Exercise description:
Among the entries below, the lines from the one with "A continuación, un" up to and including the one with "Le yacht navigue" are to be restated exactly, without pictures.
--- Records Enclosed Below ---
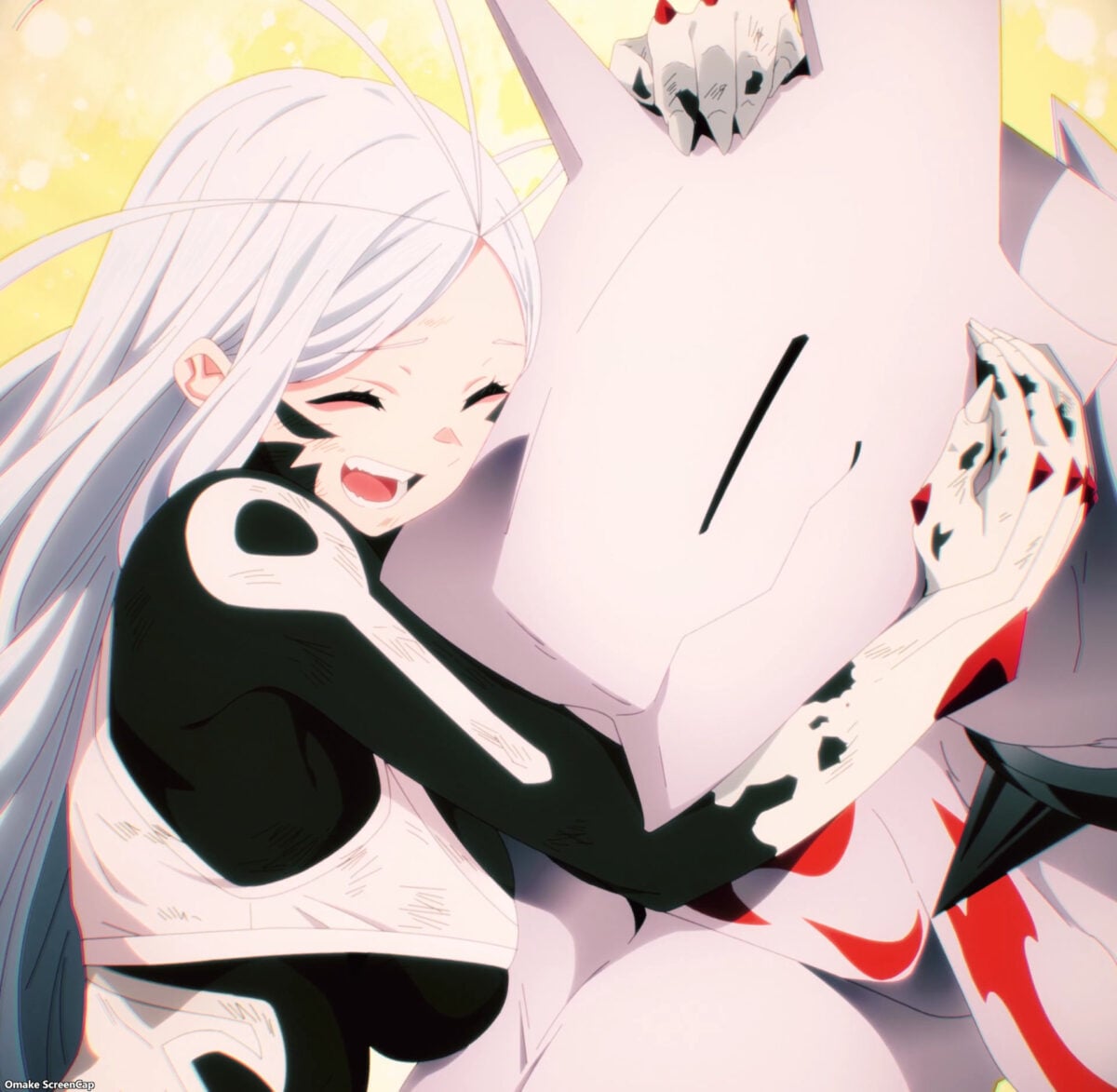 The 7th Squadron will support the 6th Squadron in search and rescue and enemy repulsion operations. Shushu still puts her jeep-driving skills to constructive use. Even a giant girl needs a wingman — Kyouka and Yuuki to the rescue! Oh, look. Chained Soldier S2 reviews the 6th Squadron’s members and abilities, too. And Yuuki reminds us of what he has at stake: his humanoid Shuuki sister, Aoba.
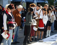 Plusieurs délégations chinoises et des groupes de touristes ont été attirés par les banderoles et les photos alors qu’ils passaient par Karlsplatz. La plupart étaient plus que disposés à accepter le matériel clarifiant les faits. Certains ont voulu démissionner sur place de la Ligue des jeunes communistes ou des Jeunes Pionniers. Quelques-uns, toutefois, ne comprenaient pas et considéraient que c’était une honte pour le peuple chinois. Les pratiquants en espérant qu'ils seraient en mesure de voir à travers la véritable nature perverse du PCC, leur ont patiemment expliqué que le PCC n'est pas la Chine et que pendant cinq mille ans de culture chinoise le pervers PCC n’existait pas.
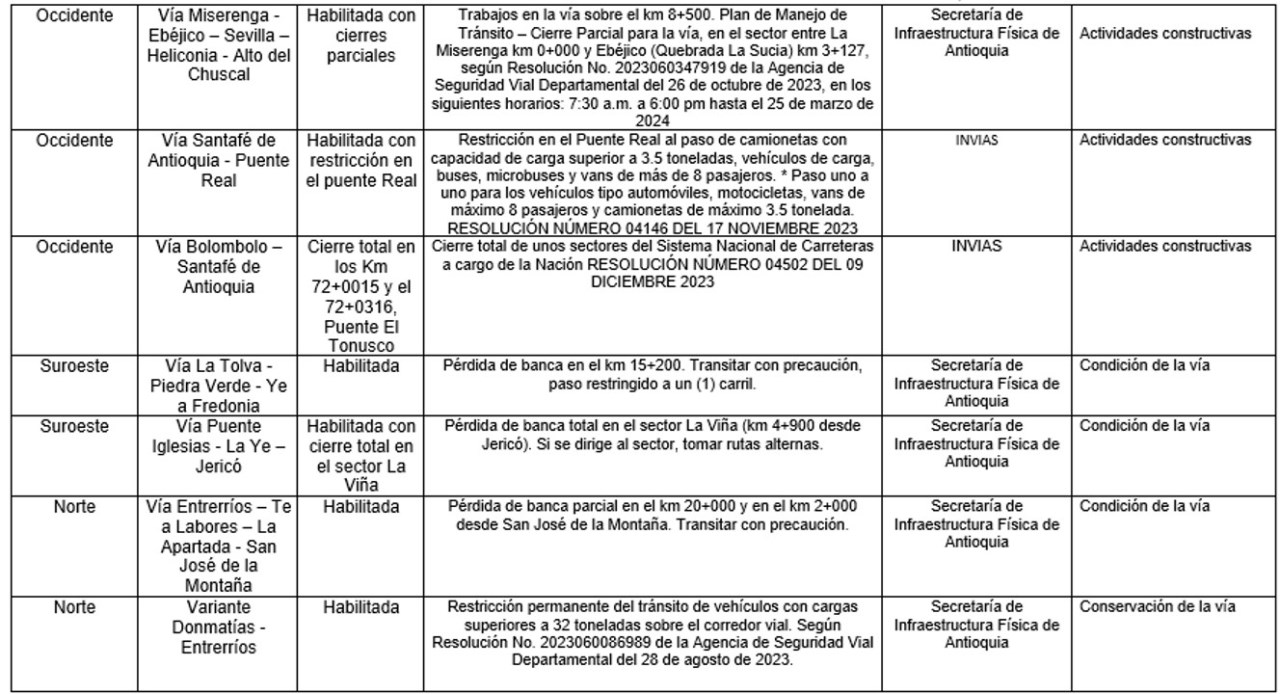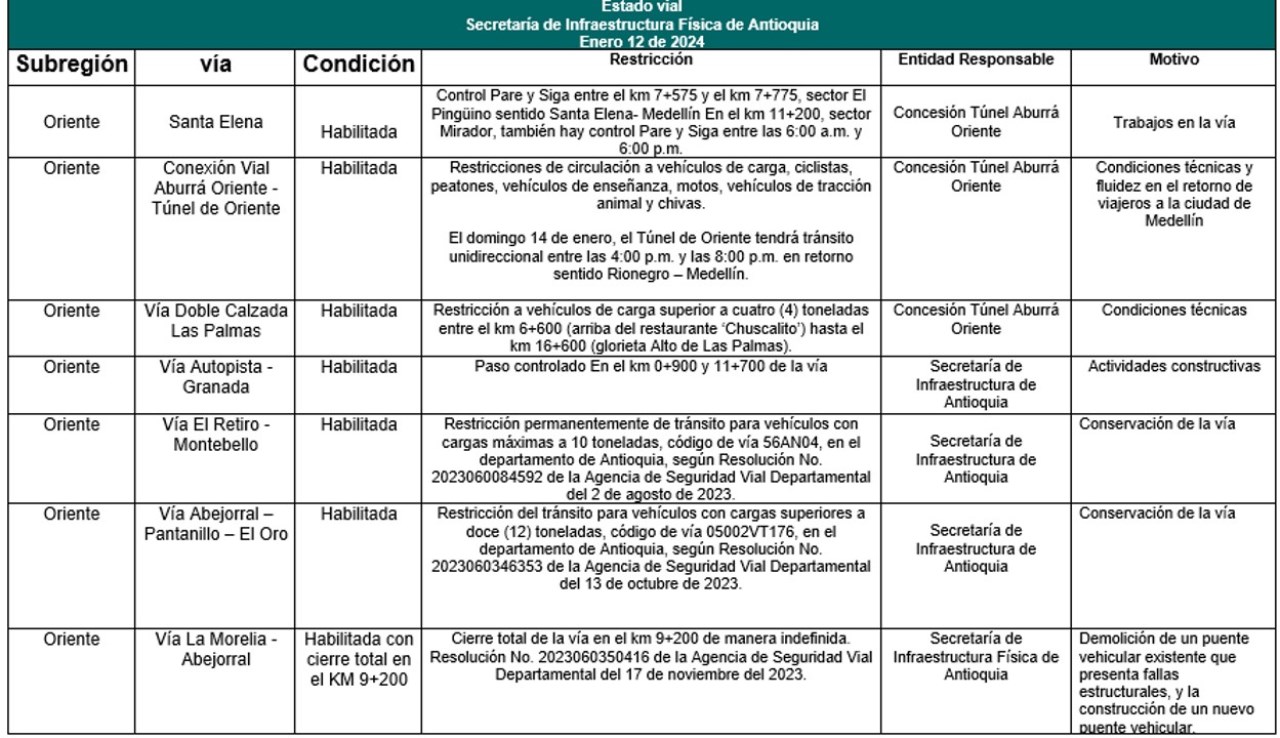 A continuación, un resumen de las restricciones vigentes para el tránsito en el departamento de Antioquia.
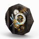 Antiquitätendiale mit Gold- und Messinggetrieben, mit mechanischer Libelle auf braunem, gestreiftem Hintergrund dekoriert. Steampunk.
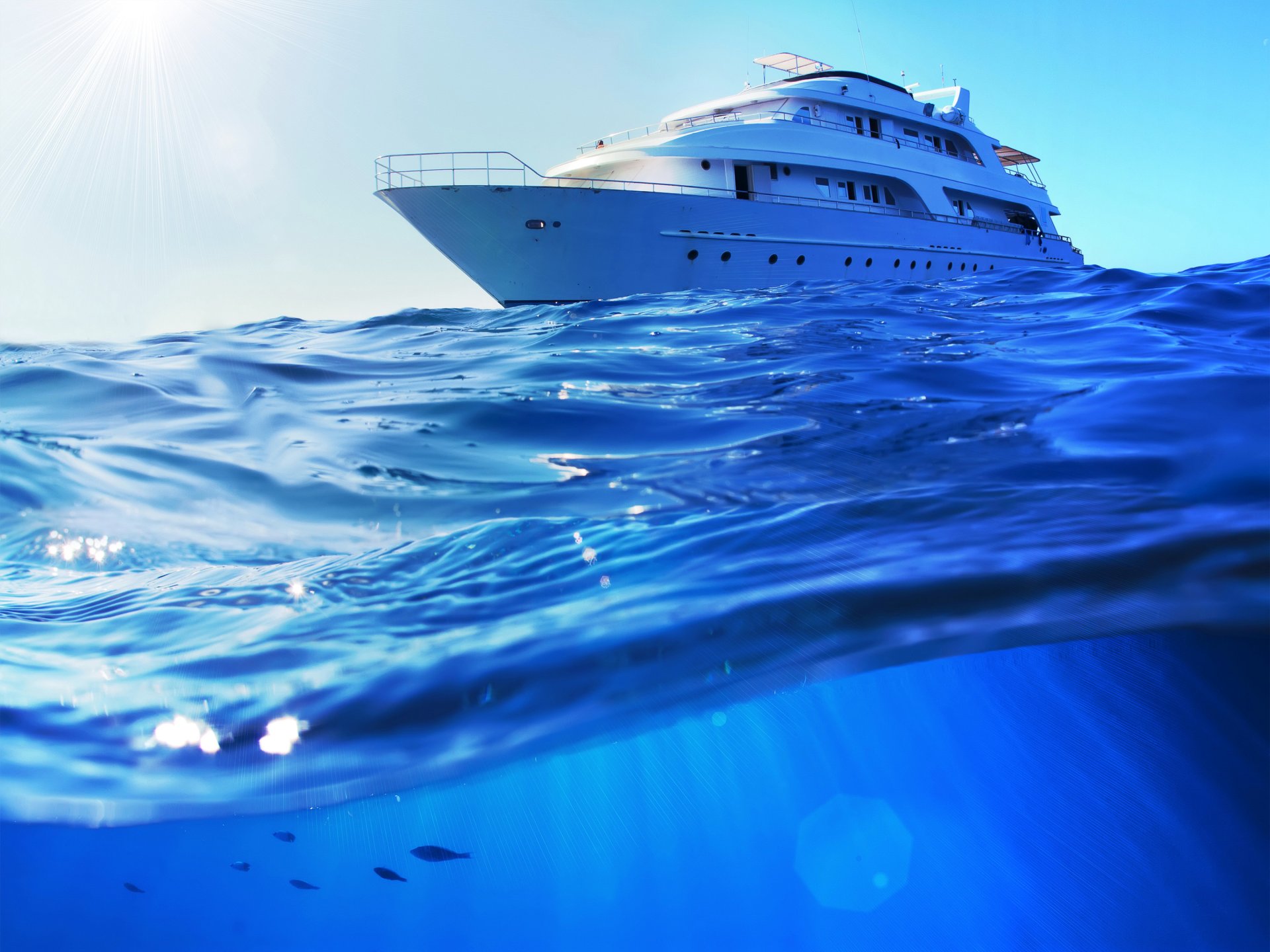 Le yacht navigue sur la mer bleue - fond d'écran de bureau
--- End of Enclosed Records ---
--- Records Enclosed Below ---
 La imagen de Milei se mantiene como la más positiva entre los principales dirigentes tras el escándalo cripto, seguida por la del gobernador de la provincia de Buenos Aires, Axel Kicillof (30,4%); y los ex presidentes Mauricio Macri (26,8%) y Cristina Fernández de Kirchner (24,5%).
--- End of Enclosed Records ---
Answer space:
 A continuación, un resumen de las restricciones vigentes para el tránsito en el departamento de Antioquia.
 Antiquitätendiale mit Gold- und Messinggetrieben, mit mechanischer Libelle auf braunem, gestreiftem Hintergrund dekoriert. Steampunk.
 Le yacht navigue sur la mer bleue - fond d'écran de bureau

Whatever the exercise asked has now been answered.